*Task objective*. From the records below, copy out exactly the lines from the one containing "Le costume que" to the one containing "Растопите сливочное масло, немного", both included. Add nothing else.

*Raw data*.
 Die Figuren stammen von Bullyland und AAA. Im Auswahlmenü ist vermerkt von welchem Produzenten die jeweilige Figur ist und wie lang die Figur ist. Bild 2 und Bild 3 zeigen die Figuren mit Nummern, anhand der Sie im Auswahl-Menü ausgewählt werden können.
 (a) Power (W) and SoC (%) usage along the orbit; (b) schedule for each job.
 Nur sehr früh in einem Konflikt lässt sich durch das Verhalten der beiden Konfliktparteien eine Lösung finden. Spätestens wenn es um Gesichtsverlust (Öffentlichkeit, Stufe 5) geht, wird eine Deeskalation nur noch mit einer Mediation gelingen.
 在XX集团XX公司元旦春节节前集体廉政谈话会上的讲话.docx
...
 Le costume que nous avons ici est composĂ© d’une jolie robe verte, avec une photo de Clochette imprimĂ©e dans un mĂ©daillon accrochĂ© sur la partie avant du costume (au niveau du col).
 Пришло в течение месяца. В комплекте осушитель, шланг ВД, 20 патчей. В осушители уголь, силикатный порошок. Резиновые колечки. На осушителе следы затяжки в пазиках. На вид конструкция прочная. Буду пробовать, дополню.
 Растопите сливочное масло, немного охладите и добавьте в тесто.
* * *
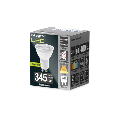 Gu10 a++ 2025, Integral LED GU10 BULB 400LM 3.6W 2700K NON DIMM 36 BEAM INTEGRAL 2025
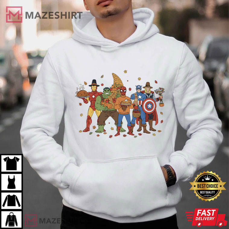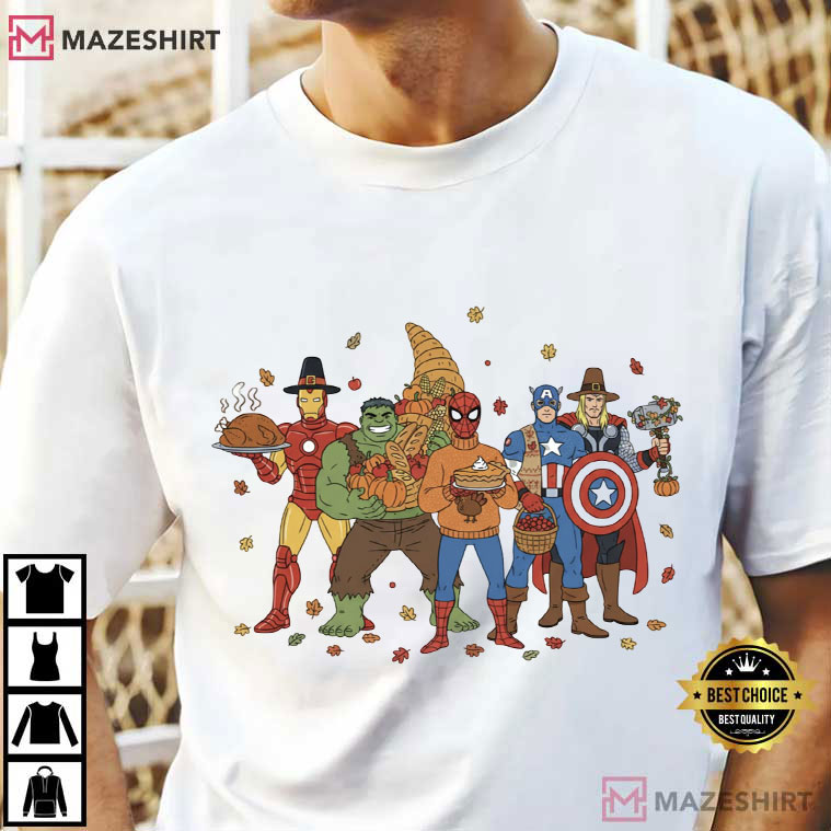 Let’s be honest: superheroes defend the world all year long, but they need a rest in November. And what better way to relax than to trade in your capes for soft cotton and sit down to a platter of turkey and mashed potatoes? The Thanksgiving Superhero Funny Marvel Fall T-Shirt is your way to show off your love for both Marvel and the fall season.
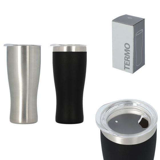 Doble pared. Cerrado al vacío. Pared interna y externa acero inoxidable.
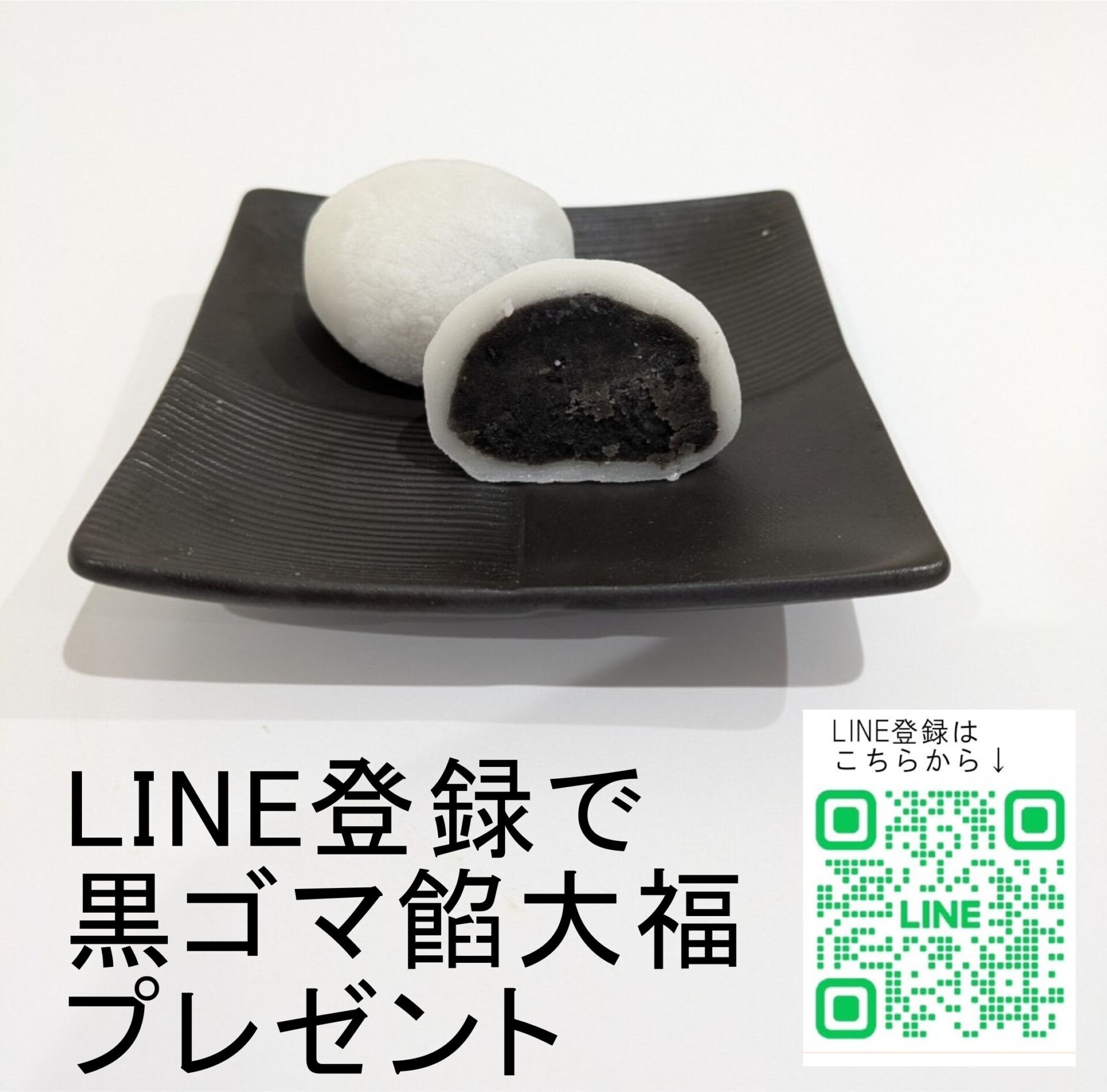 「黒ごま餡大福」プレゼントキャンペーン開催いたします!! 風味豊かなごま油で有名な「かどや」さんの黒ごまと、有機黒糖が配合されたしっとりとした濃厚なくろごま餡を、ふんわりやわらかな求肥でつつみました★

*Answer*.
 Le costume que nous avons ici est composĂ© d’une jolie robe verte, avec une photo de Clochette imprimĂ©e dans un mĂ©daillon accrochĂ© sur la partie avant du costume (au niveau du col).
 Пришло в течение месяца. В комплекте осушитель, шланг ВД, 20 патчей. В осушители уголь, силикатный порошок. Резиновые колечки. На осушителе следы затяжки в пазиках. На вид конструкция прочная. Буду пробовать, дополню.
 Растопите сливочное масло, немного охладите и добавьте в тесто.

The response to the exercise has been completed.